Saturday, April 20, 2013

C++ COW Craziness

Note: This isn't one of those Linus'ish articles that bitches about C++. I like C++ and I would just like to point out one of the many nuances in the language that could affect the performance of your program without your knowledge.


C++ STL's string class promises Copy-on-write. What that means is that, you can make as many copies of the string, but the actual memory duplication will happen only when one of the strings are actually written to (i.e.) no memory duplication will be made for copies that are made for pure reads. Or atleast that's what I thought, until I discovered today that, if you use the [ ] operator on the string, you rig the COW functionality of it forever. It is something that you normally don't do, but doing so could cost you a lot of performance. Let's run through an example.
string s1(1024 * 1024 * 16, 'g');
for(int i = 0; i < 1000; i++) {
  string s2 = s1;
}
This runs in 19 milliseconds. That's because (obviously) there are no actual copies made. Just 1000 pointers being created to the existing 16 megabytes of data. Now, lets try modifiying the copied string.
string s1(1024 * 1024 * 16, 'g');
for(int i = 0; i < 1000; i++) {
  string s2 = s1;
  s2[0] = 'v';
}
This runs in 4.3 seconds. That's right, from 19 milliseconds to 4.3 seconds for making 1000 actual copies of 16 MB of data. This is the expected behavior, a copy is done when you try to write to it. Next comes the weird part, consider the following code:
string s1(1024 * 1024 * 16, 'g');
for(int i = 0; i < 1000; i++) {
  string s2 = s1;
  s2[0];
}
Guess how much time this should take? Intuitively it seems like this should hit the COW fast path (i.e.) no actual copies, because there is no "write" here. This takes 4.3 seconds too! The problem behind the [ ] operator is that, you can easily stash away a pointer to some portion of the string and modify it later thereby screwing up the state.

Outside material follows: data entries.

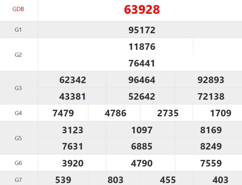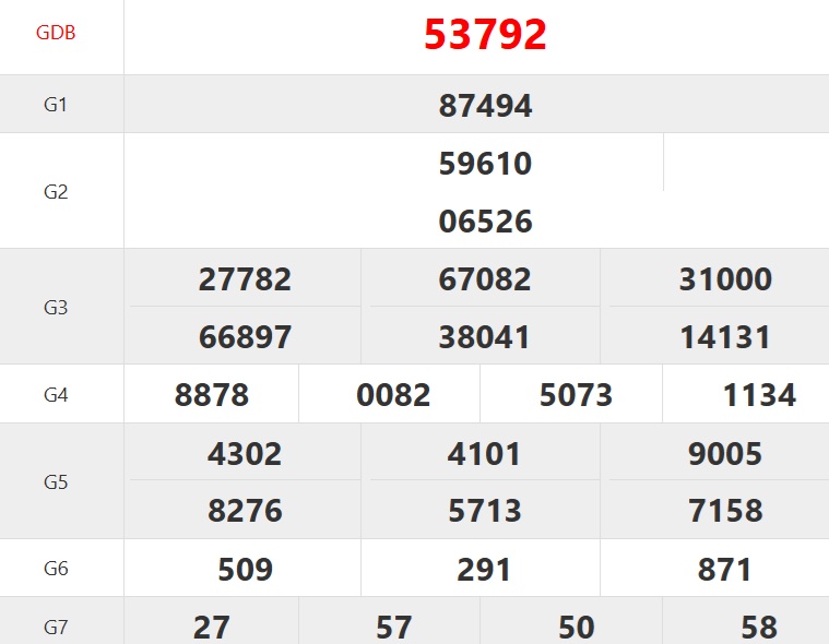 | Ngày | Giải ĐB | Ngày | Giải ĐB | Ngày | Giải ĐB |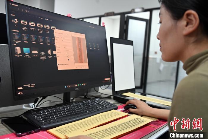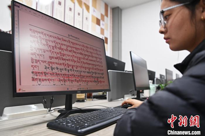 2月27日,在甘肅甘南藏族自治州碌曲縣益西達(dá)吉科技有限公司內(nèi),工作人員正在進(jìn)行藏文古籍?dāng)?shù)字化相關(guān)工作。該公司主要從事民族古籍?dāng)?shù)字化建設(shè)和古籍文獻(xiàn)數(shù)據(jù)庫(kù)建設(shè),自2019年以來,承擔(dān)西藏、四川、甘肅等省區(qū)的藏文古籍?dāng)?shù)字化項(xiàng)目。圖為工作人員用該公司研發(fā)的藏文信息處理系統(tǒng)對(duì)古籍?dāng)?shù)字化內(nèi)容進(jìn)行檢查。中新社記者 九美旦增 攝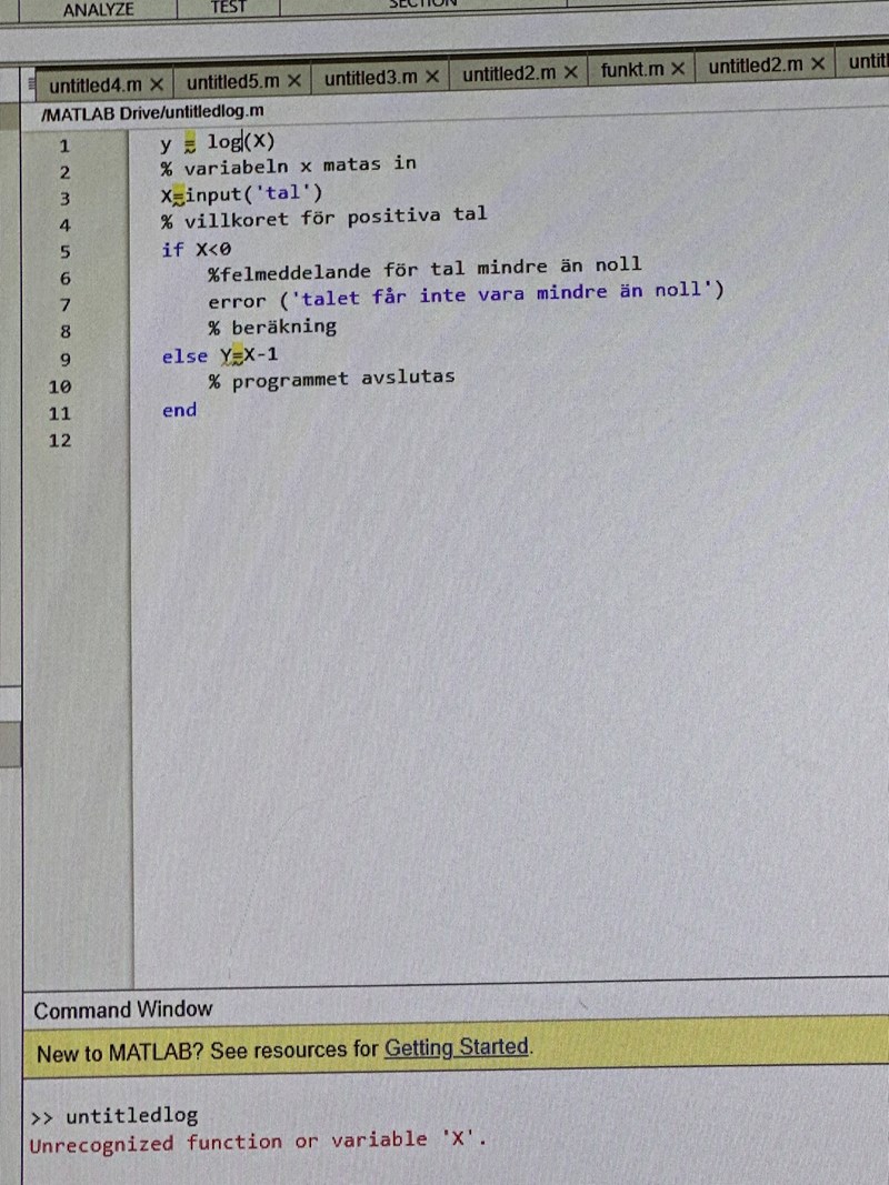 Skriv ett script där ett tal läggs in i en funktion 𝑦 = lg𝑥 och resultatet anges. Tänk på logaritmfunktionens definitionsmängd.

So, it is impossible to perform COW once you use the [ ] operator on a string. The following snippet illustrates this:
string s1("hello");
char *p = &s1[2];
string s2 = s1;
*p = 'v';
You see what happened there? You stashed away a pointer to the middle of the string and then tried to change it later after the copy. This is sort of an indirect write, and there is no way for the compiler to determine this. So, the moment is sees the [ ] operator, it removes the COW functionality for that string. One way to do such a read without rigging the COW functionality is to do a crazy cast like this:
string s1(1024 * 1024 * 16, 'g');
const_cast<const string &>(s1)[0];
for(int i = 0; i < 1000; i++) {
  string s2 = s1;
}
This snippet takes the fast COW path and runs in 20 milliseconds. The takeaway from this article is that, do not use the [ ] (or the .at()) operator on strings, especially large string that could be copied later on. Even though you think you're doing an harmless read, you are rigging the COW functionality of that string forever. You are paying the price for that pointer you stashed away (or may be even released long back) without knowing.

 -Vignesh